What Tatas bring to the table in Air India acquisition


It is confirmed but not official yet. Tata Sons has likely won the bid for Air India, with sources indicating that it has offered more for the airline than the only other bidder, Ajay Singh (promoter of SpiceJet).

The government is the sole owner of Air India and, after a failed attempt in 2018, it had announced a roadmap for exiting the airline again in 2019. In the first attempt, not a single bidder had shown interest in the sale, which led to the government tweaking many conditions and offering various concessions to make the airline more attractive to prospective bidders.

In the second attempt at selling Air India, the government received just two bids – by Tata Sons and Ajay Singh in his individual capacity.

So, while the Tatas are believed to have won the bid, a panel of ministers still has to place the seal of approval on the deal and make an official announcement.

There is also possibly one more step: clearance by the Union Cabinet, since the initial proposal to disinvest the entire government shareholding in the airline had also been cleared by the Cabinet.

As per the terms of the sale, Air India will be broken up into five parts and its “unsustainable” debt hived off into a special purpose vehicle (SPV). The core airline business, comprising Air India, Air India Express (which is the low-cost international arm) and ground-handling joint venture AISATS, is being offered as one entity to the winning bidder.

Regional arm (Alliance Air), ground-handling business outside of the JV (AIATSL), engineering operations (AIESL) and the Hotel Corporation of India (HCI) will likely also be moved to the SPV along with unsustainable debt.

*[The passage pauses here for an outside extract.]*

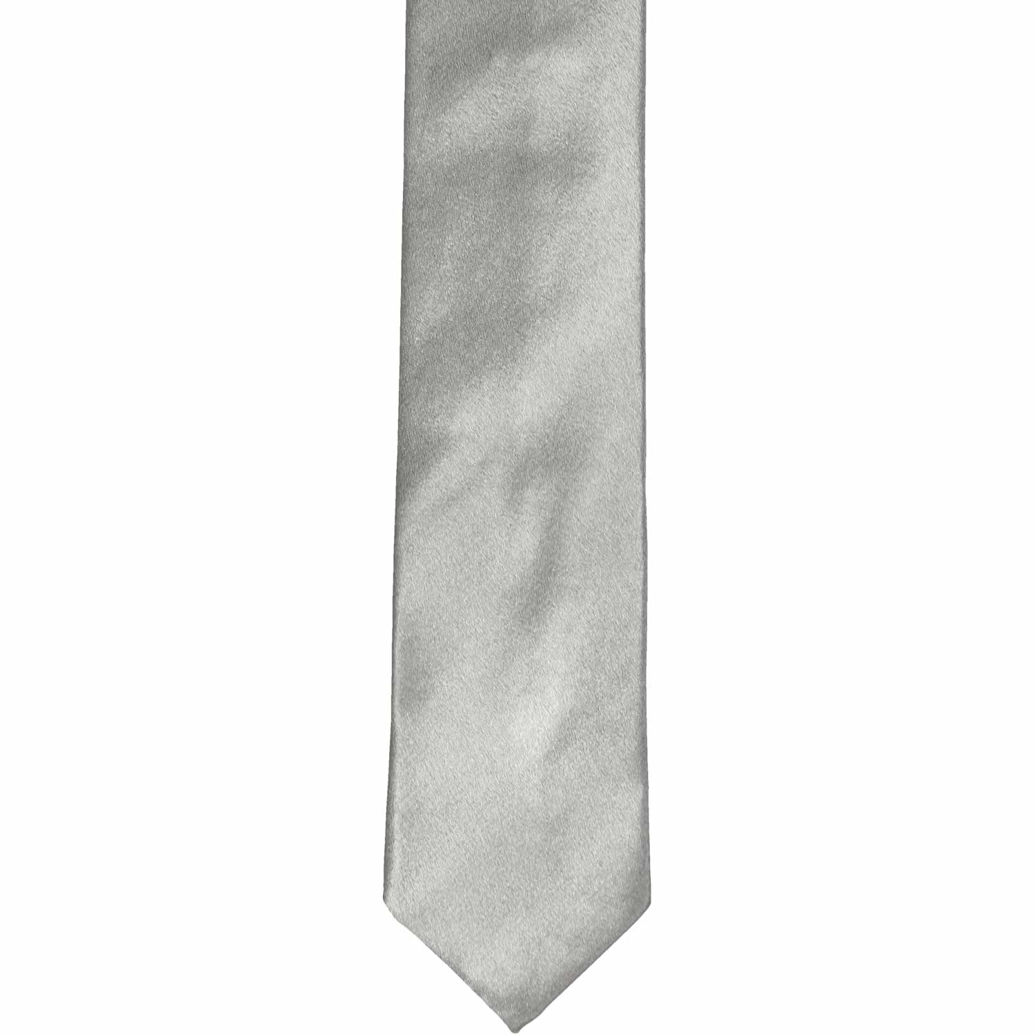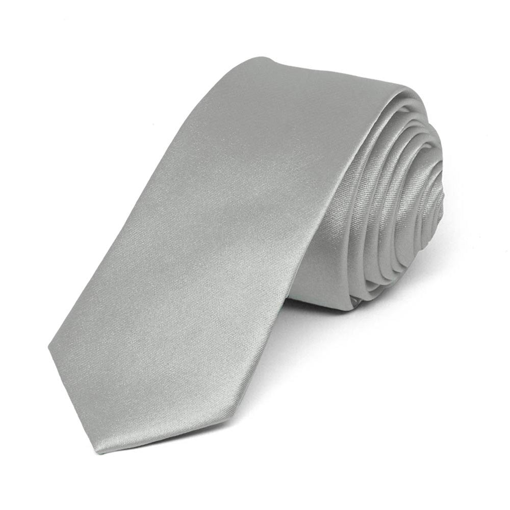 Our mercury silver skinny tie has a shiny, satin finish that is elegant for formal events like weddings and Prom. However, it will look quite professional in creative and casual workplaces, too. There are matching pocket squares (sold separately) if you require one.

Air India’s sale will be the largest strategic disinvestment ever undertaken but the government has already sweetened the deal in a multi-step process so that it may not earn any substantial sum from the sale of the airline upfront.

The bidder has to offer only 15 per cent of the total consideration upfront, if it is willing to take over some of the asset-backed debt of the airline. Various guess estimates for the reserve price – the price below which the government will not part with the airline – have been thrown about, with one source indicating the price could well be below Rs 10,000 crore.

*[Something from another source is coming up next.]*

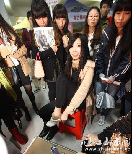 现场最热闹的是一家杰辉产品设计公司招聘摊位,招一名女性脚模,月薪是3500元,吸引了上百名学生上来试脚。

It would be fair to say that whoever bags the airline may well get it for a song. But will the aria continue after the sale, given the multiple skeletons in the airline’s cupboard?

The possible acquisition by the Tatas is being seen as “ghar wapsi” since Air India was started by group patriarch JRD Tata before it was nationalised.

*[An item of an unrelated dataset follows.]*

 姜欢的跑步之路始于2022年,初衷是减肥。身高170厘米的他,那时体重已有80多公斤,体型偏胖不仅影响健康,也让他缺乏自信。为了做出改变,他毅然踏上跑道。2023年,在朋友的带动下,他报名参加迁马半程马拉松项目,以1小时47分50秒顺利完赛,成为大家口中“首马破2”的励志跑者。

In the present circumstances, what do the Tatas bring to the table?

Funds

What Air India needs the most is money to be put back in shape. Till now, successive governments were pumping in tens of thousands of crores of taxpayers’ money into the airline each year but the dole ended up funding mounting losses.

The airline, as it is today, emerged after the merger of erstwhile Air India and Indian Airlines in 2007 and never once declared a profit since the merger. Accumulated losses as of March 2020 stood at over Rs 70,000 crore and auditors have again voiced their doubts over Air India remaining a going concern in the latest annual report.

The airline needs money to get cannibalised aircraft – which have been on the ground because of lack of spares and which have been stripped of some parts to be used in operational aircraft – in the skies again. It needs funds to pay off vendors, airport operators and other creditors; working capital needs as well as interest repayments also need to be fulfilled.

Professional Management

For decades, Air India and its subsidiaries have been managed by babus from the ministry of civil aviation, supported by a board of directors. While some eminent Indian businessmen have, at various times, agreed to sit on the board as independent directors, their voices have remained muffled due to overarching bureaucratic powers.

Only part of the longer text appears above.